YOUR OBJECTIVE:
Only lines, not pictures: please repeat exactly the lines from the one with "Give your bedroom" through the end of the listing.

DATA BELOW:
+ + + +

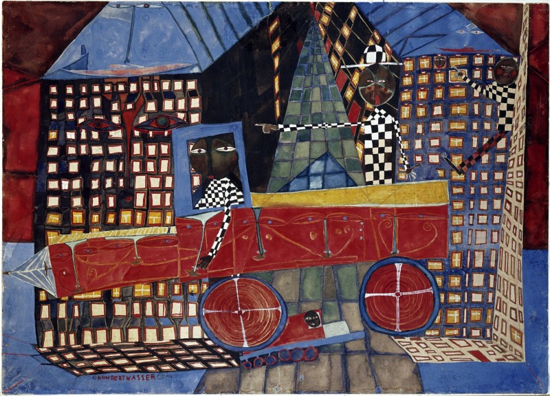 The painting is from 1952. I painted it near Assisi on the way to Arezzo. At the time I was going through a very happy period. I was quite poor. I think one can also see that it is a very happy painting. I hadn't seen the painting for many years. I sold it at the exhibition in Venice in the Sandri Gallery - I think for 5000 lire - and didn't see it again for ten years. Now it has suddenly surfaced in Mexico, and I am very surprised to see this painting again. I can't imagine that I painted it myself. I see for example that there are faces everywhere in the houses and that the driver is even pushing a nose to the side here at the car door. I was sent a transparency of this painting from Mexico. The cut was made from the transparency. (from: Hundertwasser, Buchheim Verlag, Feldafing, 1964 and ed. 1973, p. 30)
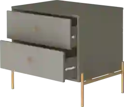 Give your bedroom or living room a boost of modern and glam style with the gorgeous Colletta II gray nightstand. The smooth tabletop provides the perfect platform for framed photos and displaying decor, or daily beauty routine needs. Two rounded gold knob accented full extension drawers allow extra space for versatile and practical use. Completed with gold brushed steel legs, this nightstand is the perfect piece to complete your unique and chic space. Customer assembly is required.
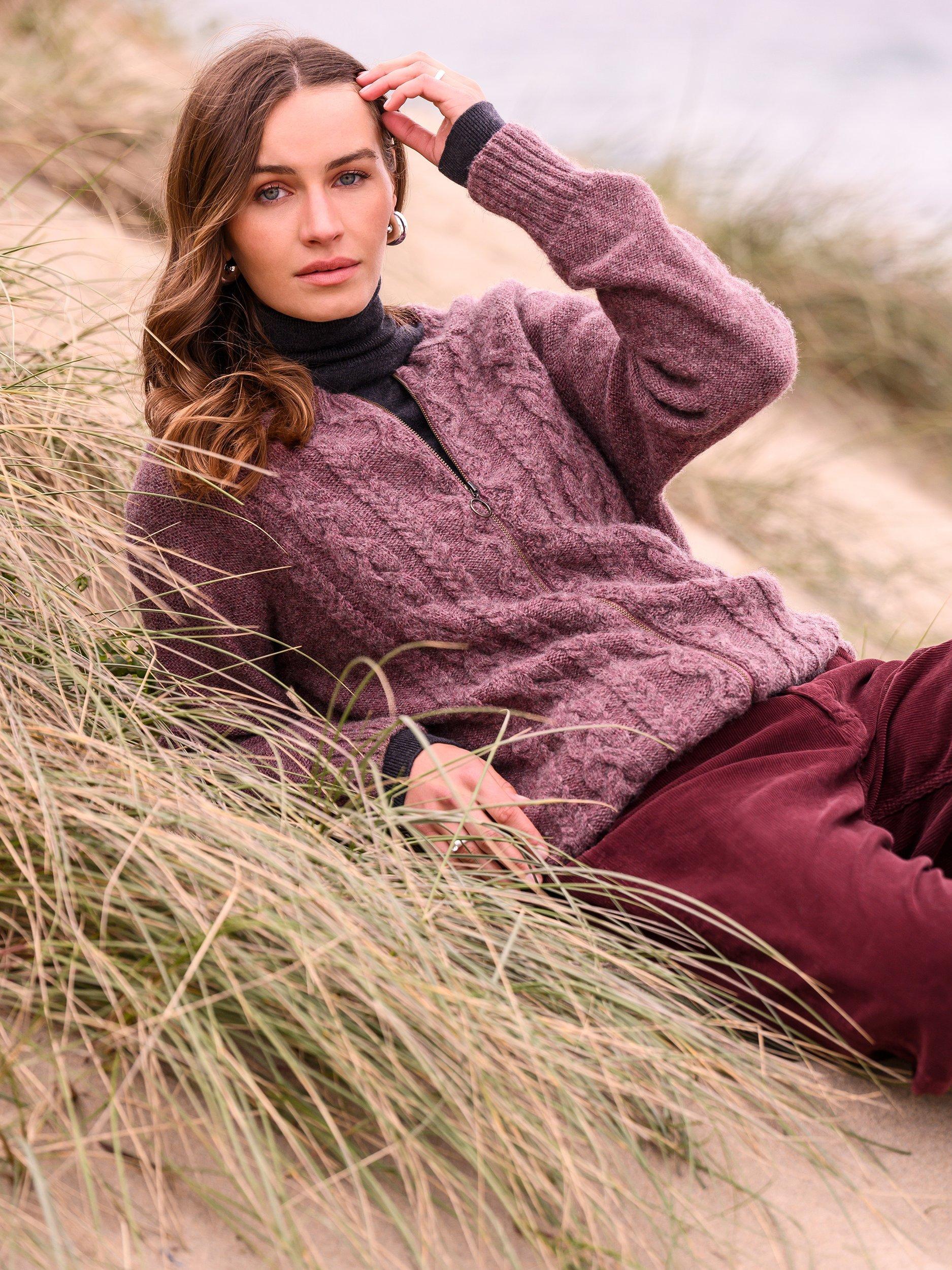 Celtic Co. British Wool Cable Knit Cardigan Dark Rose Very well made.

+ + + +

ANSWER SECTION:
 Give your bedroom or living room a boost of modern and glam style with the gorgeous Colletta II gray nightstand. The smooth tabletop provides the perfect platform for framed photos and displaying decor, or daily beauty routine needs. Two rounded gold knob accented full extension drawers allow extra space for versatile and practical use. Completed with gold brushed steel legs, this nightstand is the perfect piece to complete your unique and chic space. Customer assembly is required.
 Celtic Co. British Wool Cable Knit Cardigan Dark Rose Very well made.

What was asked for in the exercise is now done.